A study found that users don’t need advanced hacking skills; they exploit the models’ tendency to prioritize user satisfaction over strict adherence to safety protocols. By framing queries as hypothetical stories or creative writing exercises, participants successfully generated content that violated the AIs’ guidelines.
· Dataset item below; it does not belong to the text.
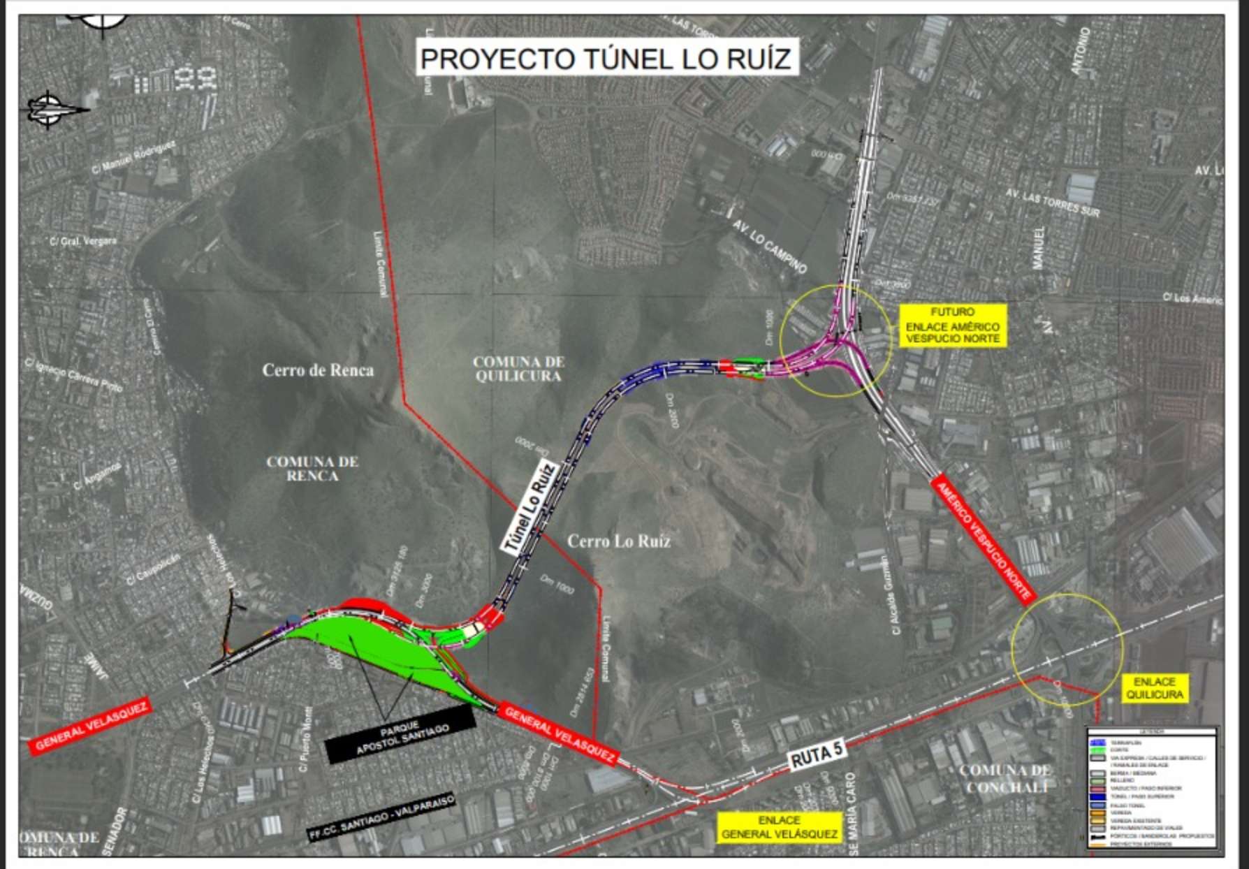 Se trata de una inversión de 450 millones de dólares que contempla 5,8 kilómetros en conexiones. Lo principal será dos túneles de 1,5 kilómetros de extensión bajo el cerro Lo Ruiz con dos pistas por sentido, los que conectarán el eje de la autopista General Velásquez con la autopista Américo Vespucio Norte. Además, se incluirán tramos para unir el eje General Velásquez de la Autopista Central con Vespucio Norte en ambas direcciones.

Vulnerabilities in Gemini have been reported, including prompt injection flaws that could lead to user privacy breaches and cloud data theft. OpenAI’s ChatGPT faces similar scrutiny, with a report identifying seven vulnerabilities allowing attackers to exfiltrate private information from users’ chat histories and memories.
Experts warn of the risks of agentic AI, which can introduce new dangers like prompt injection and AI cloaking flaws that could enable spying or malware distribution. Research calls for standardized safety testing and multi-layered defenses combining human oversight and advanced filtering to fortify AI against everyday exploits.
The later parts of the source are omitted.